### GOAL OF THE EXERCISE
Your task is to retype, word for word, the lines from the start of the data through the line holding "超党派の国会議員でつくる「依". Do not include the pictures.

### MATERIAL TO PROCESS
....

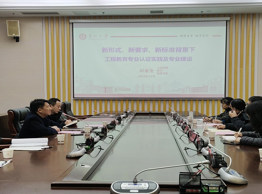 皇冠登陆入口welcome 2024年12月18日,贵州大学评估中心主任田蒙奎教授应邀来我校指导工程教育认证工作,在南校区第七会议室作了题为《新形式、新要求、新标准背景下工程教育专业认证实践及专业建设》的报告,并与我校第一批拟申报工程教育认证的3个专业所在院领导及教师们进行了座谈。报告会由皇冠登陆入口welcome副院长霍雨佳主持,皇冠登陆入口welcome教育评估中心主任马飞致欢迎辞,我院软件工程专业教师、教务科工作人员及中关村教师代表参加了此次活动。
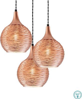 Φωτιστικό Κρεμαστό Τρίφωτο σε Ροζέτα Ø32 εκ. Χάλκινο Γυαλί Ανάρτηση Μαύρη με χάλκινες λεπτομέρειες Viokef Fiona 3089500
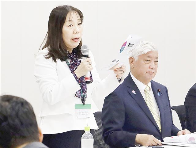 超党派の国会議員でつくる「依存症対策議連」の勉強会で発言する、公益社団法人「ギャンブル依存症問題を考える会」の田中紀子代表(左)=5月、国会
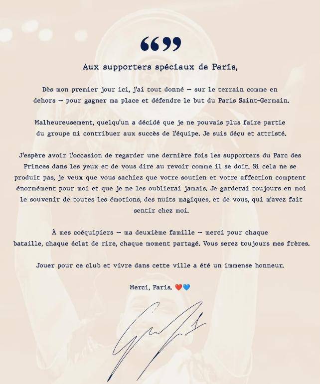 多纳鲁马详述了他选择离开的缘由:“自从我踏入巴黎的那一刻,我便竭尽全力,无论是在比赛中还是场外,都在为证明自己而努力,以及捍卫巴黎圣日耳曼的使命。遗憾的是,一些人的决定让我无法继续为球队贡献力量,这让我感到深深的失望和伤心。”他在最后还对球迷和队友表示了衷心的感谢。
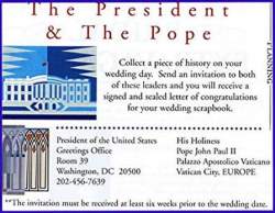 Wedding Forums > Brides Helping Brides ™ > For Newbies - Invite the President and the Pope!
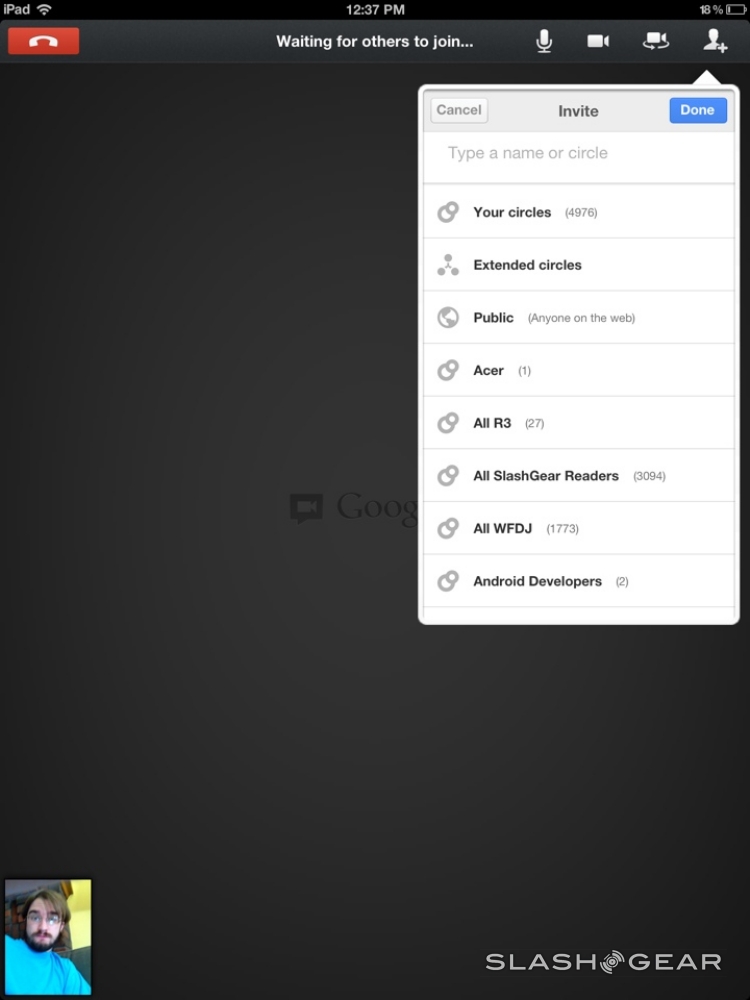 Then there's the Hangouts situation – you certainly can hang out with your friends using your own front facing (or back facing) camera on your iPhone or iPad, but that's about it. You wont be watching YouTube videos or editing documents from this app in this iteration. It's also rather plain looking if you've got no friends to chat with – awww:
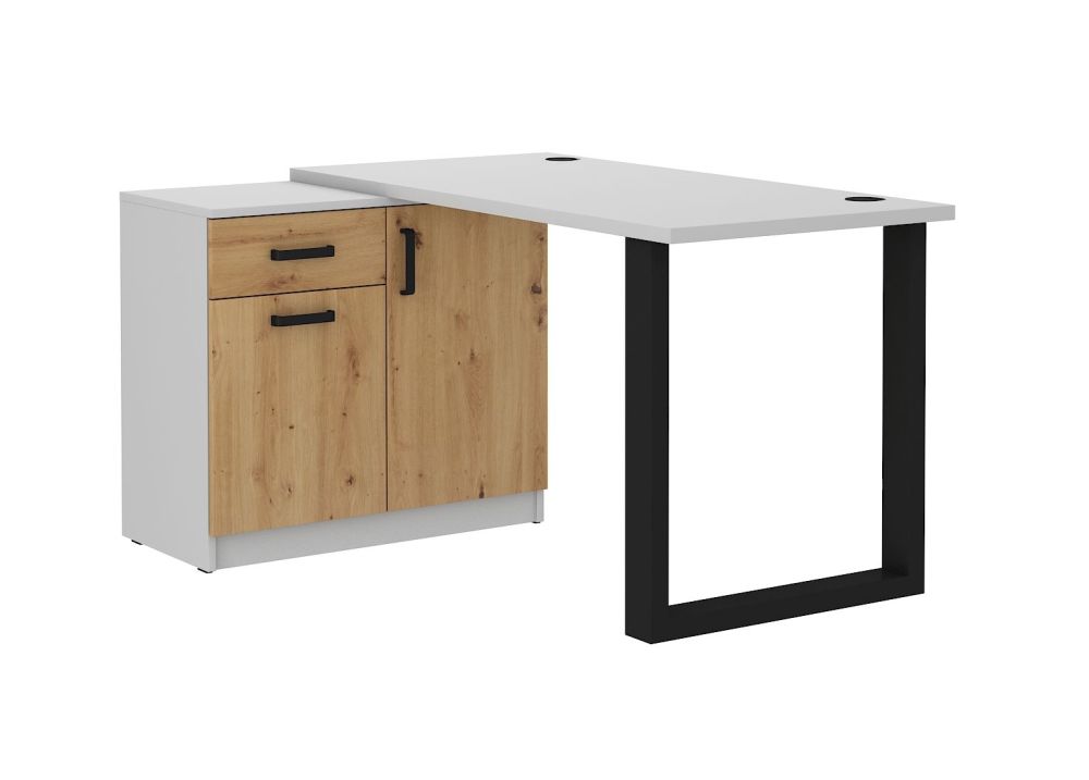 Malta 130 Desk with Chest of Drawers – The desk has a metal base, two cabinets, and a drawer.

....

### TASK RESULT
 皇冠登陆入口welcome 2024年12月18日,贵州大学评估中心主任田蒙奎教授应邀来我校指导工程教育认证工作,在南校区第七会议室作了题为《新形式、新要求、新标准背景下工程教育专业认证实践及专业建设》的报告,并与我校第一批拟申报工程教育认证的3个专业所在院领导及教师们进行了座谈。报告会由皇冠登陆入口welcome副院长霍雨佳主持,皇冠登陆入口welcome教育评估中心主任马飞致欢迎辞,我院软件工程专业教师、教务科工作人员及中关村教师代表参加了此次活动。
 Φωτιστικό Κρεμαστό Τρίφωτο σε Ροζέτα Ø32 εκ. Χάλκινο Γυαλί Ανάρτηση Μαύρη με χάλκινες λεπτομέρειες Viokef Fiona 3089500
 超党派の国会議員でつくる「依存症対策議連」の勉強会で発言する、公益社団法人「ギャンブル依存症問題を考える会」の田中紀子代表(左)=5月、国会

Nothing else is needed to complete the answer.